At the event, the company announced the launch of Apple SIM - a built in software based SIM card. Preloaded on to the iPad Air 2, and now also on the iPad Mini 3 Apple claims that the Apple SIM allows users "the flexibility to choose from a variety of short-term plans from selected carriers in the US and UK…. So whenever you need it, you can choose the plan that works best for you - with no long-term commitments. And when you travel, you may also be able to choose a data plan from a local carrier."

The flexibility that Apple refers to may just break the mould of the way that we buy and manage phone contracts. As every enterprise device manager knows one of the most time consuming parts of the job is ensuring that you're on the best contract for minutes and data. The idea of a 'soft' SIM that is programmable and allows you to jump from one contract to another without having to purchase a new contract or SIM card represents a freedom that wasn't previously available. Having the ability to move from network to network will help with employees travelling abroad or even in poor reception areas.

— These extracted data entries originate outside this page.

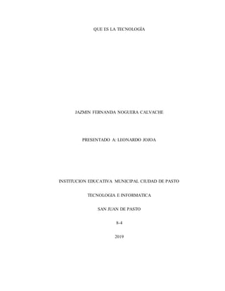 Este documento describe qué es la tecnología. Explica que la tecnología se refiere a los objetos creados por los humanos para satisfacer necesidades y resolver problemas, mejorando la calidad de vida. Detalla las necesidades básicas y secundarias que la tecnología ayuda a cubrir, como la alimentación, el vestido, la vivienda, la salud, la comunicación y el transporte. Además, explica que la tecnología implica la imaginación, los materiales, los conocimientos científicos y las técnicas
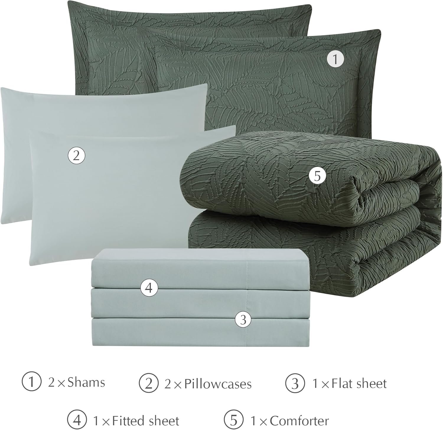 Geniospin Queen Comforter Set – 7 Pieces Dark Green Bedding Set, Botanical Textured Comforter Bed Set, All Season Lightweight Bed in a Bag with Comforter, Sheets, Pillowcases & Shams
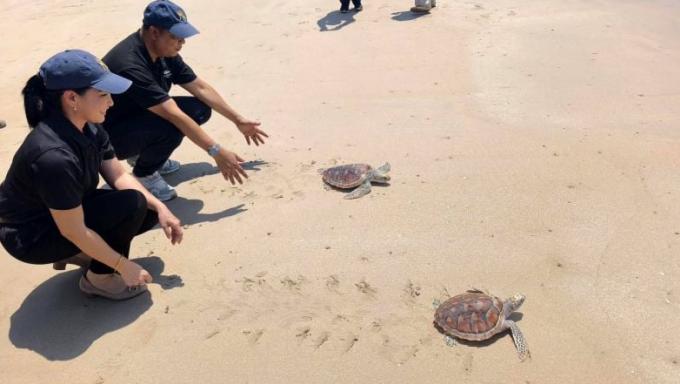 Les participants ont lâché des tortues en mer dans un geste symbolique destiné à renforcer les mesures de protection des ressources maritimes de l’Andaman et de sensibiliser à la protection des animaux marins rares.
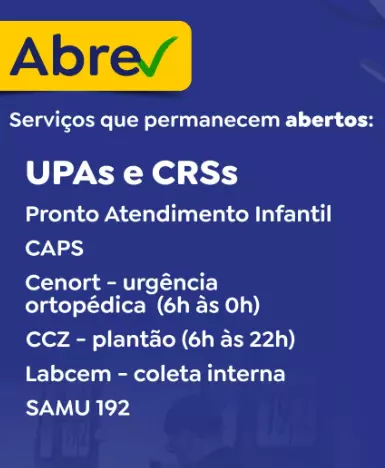 Apenas as UPAs, CRSs, PAI, Samu, Caps, Cenort (urgência ortopédica), CCZ e atendimentos odontológicos de emergência atendem a população nesta terça-feira.
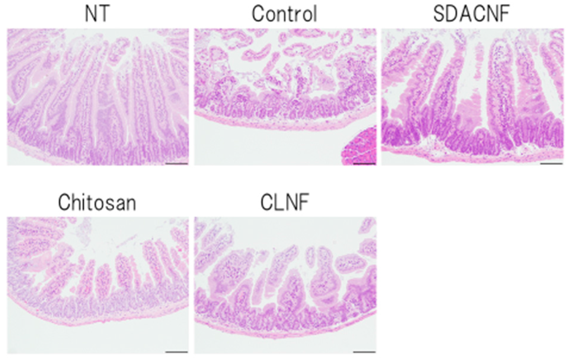 Low-magnification images and scanning electron micrographs of SDACNF and chitosan are shown in Figure 1. Chitosan was dissolved in 0.5% acetic acid, whereas SDACNF was a gel that formed a nanofiber network. The study design is shown schematically in Figure 2. There were no differences in small intestine length and weight-to-length ratio among control, SDACNF, chitosan, and cellulose nanofiber (CLNF) groups (data not shown). In the latter two groups, mucosal architecture, ulceration of the mucosa, reduction in villus height, and inflammatory cell infiltration (MI) were observed by hematoxylin and eosin (H&E) staining (Figure 3). However, these were not detected in the chitosan and SDACNF groups.
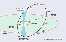 Ulysses was launched October 6, 1990, and reached Jupiter for its "gravitational slingshot" in February 1992. It passed the south solar pole in June 1994 and crossed the ecliptic equator in February 1995. The solar X-ray and cosmic gamma-ray burst experiment (GRB) had 3 main objectives: study and monitor solar flares, detect and localize cosmic gamma-ray bursts, and in-situ detection of Jovian aurorae. Ulysses was the first satellite carrying a gamma burst detector which went outside the orbit of Mars. The hard X-ray detectors operated in the range 15–150 keV. The detectors consisted of 23-mm thick × 51-mm diameter CsI(Tl) crystals mounted via plastic light tubes to photomultipliers. The hard detector changed its operating mode depending on (1) measured count rate, (2) ground command, or (3) change in spacecraft telemetry mode. The trigger level was generally set for 8-sigma above background and the sensitivity is 10−6 erg/cm2 (1 nJ/m2). When a burst trigger is recorded, the instrument switches to record high resolution data, recording it to a 32-kbit memory for a slow telemetry read out. Burst data consist of either 16 s of 8-ms resolution count rates or 64 s of 32-ms count rates from the sum of the 2 detectors. There were also 16 channel energy spectra from the sum of the 2 detectors (taken either in 1, 2, 4, 16, or 32 second integrations). During 'wait' mode, the data were taken either in 0.25 or 0.5 s integrations and 4 energy channels (with shortest integration time being 8 s). Again, the outputs of the 2 detectors were summed.
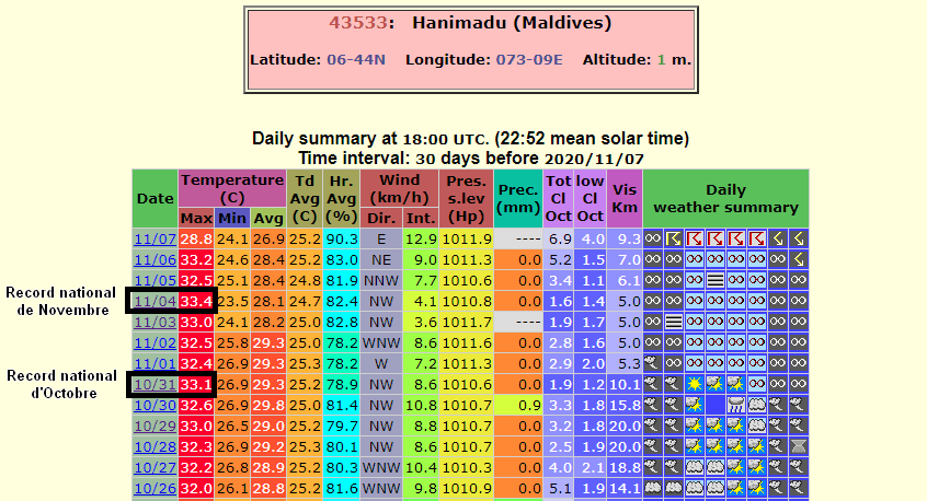 Températures maximales sur la commune de Haanimadhoo du 26/10 au 07/11 - via twitter @EKmeteo
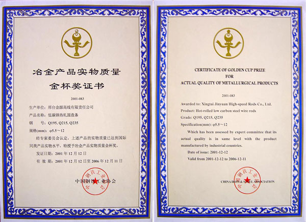 低碳鋼熱軋圓盤條Q195,Q215,Q235獲冶金產(chǎn)品實(shí)物質(zhì)量金杯獎
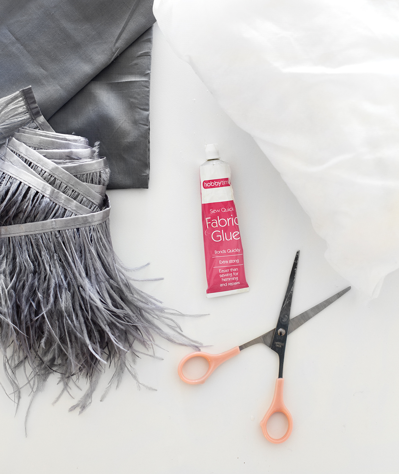 - 4,5 mètres de plumes en ruban de la couleur de votre choix
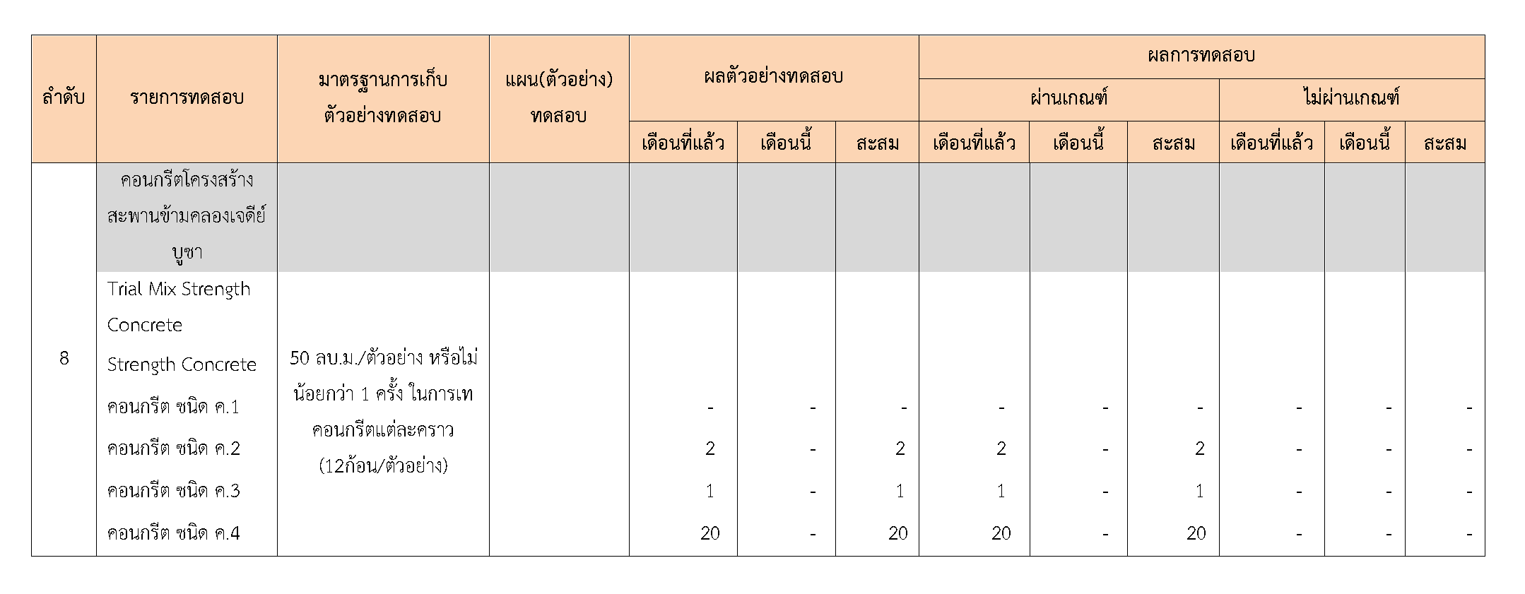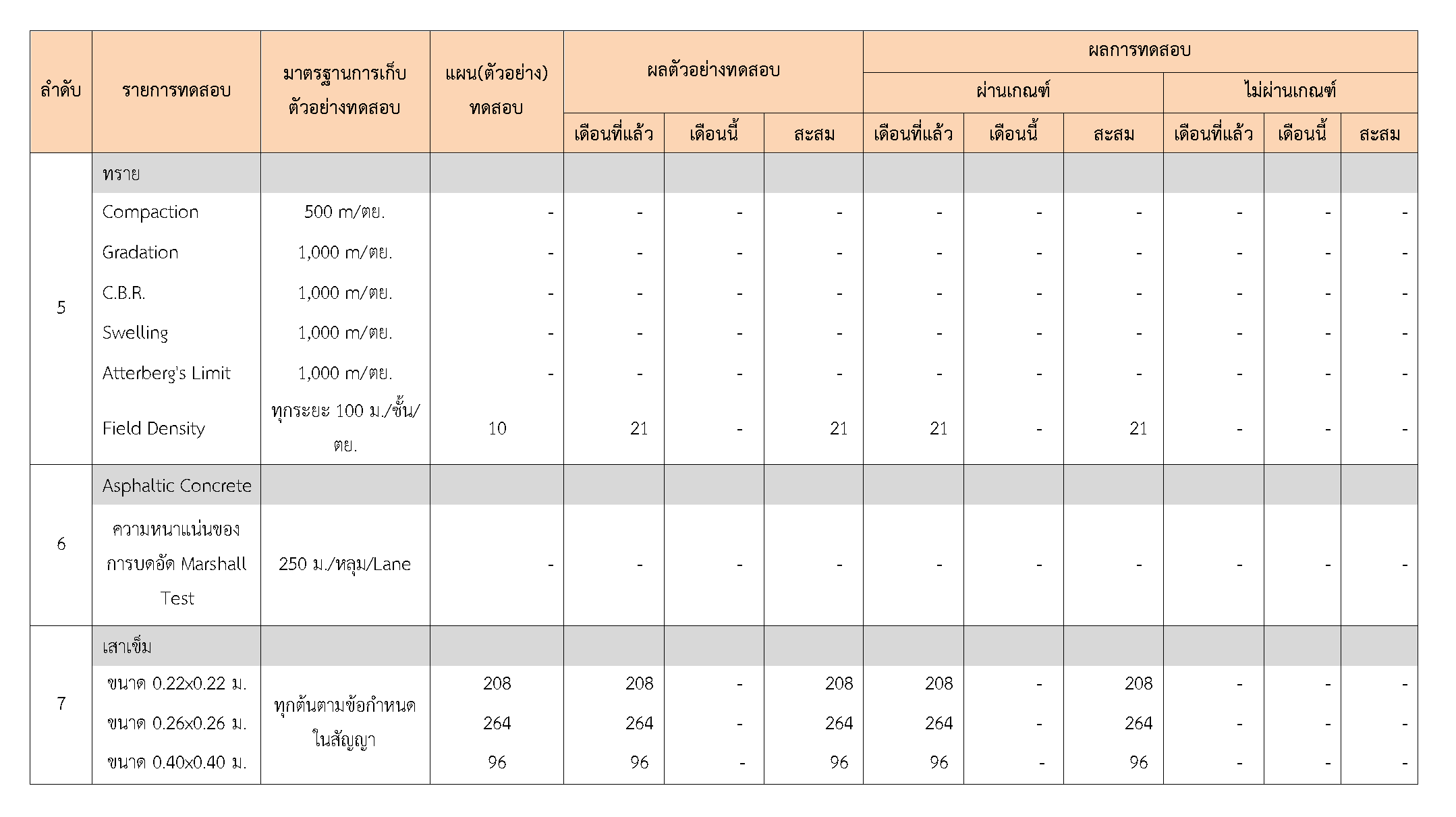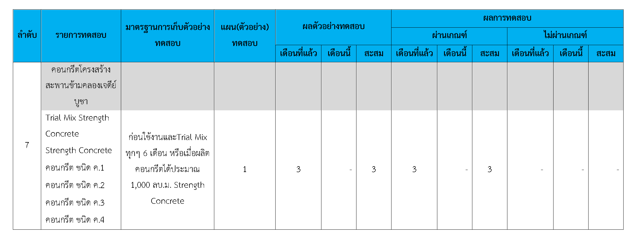 ในระหว่างวันที่ 1-30 มิถุนายน 2561 ผู้ว่าจ้างได้เสนอหนังสือขออนุมัติใช้วัสดุถึงที่ปรึกษา โดยที่ปรึกษาได้ตรวจสอบวัสดุดังกล่าวมีผลทดสอบดังตาราง

At Redcentric, we've long been proponents for this approach. We often advise mobile fleet managers to think less about minutes and data and more about the infrastructure. We call it the inverted triangle approach. It's about thinking first and foremost about how the workforce interacts with the device and what they're trying to achieve with it and less about which carrier is offering the cheapest minutes.

With this flexibility in mind, mobile fleet managers have a real opportunity to look at their contracts much more strategically than before. Understanding usage is key but so is identifying how mobile devices interact with the infrastructure. Armed with this knowledge, enterprises will be in a good position to take advantage of the inevitable change to mobile device contracts.

While the Apple SIM hasn't been adopted by all carriers yet nor is it in all of Apple's mobile devices, we already know that if Apple decides to push a development forward we'll see it adopted as an industry standard soon. Just look at what happened with the micro SIM card. Make sure that you have a strategy in mind of how to take best advantage of the benefits it will bring. Death to the hard SIM, long live the soft SIM.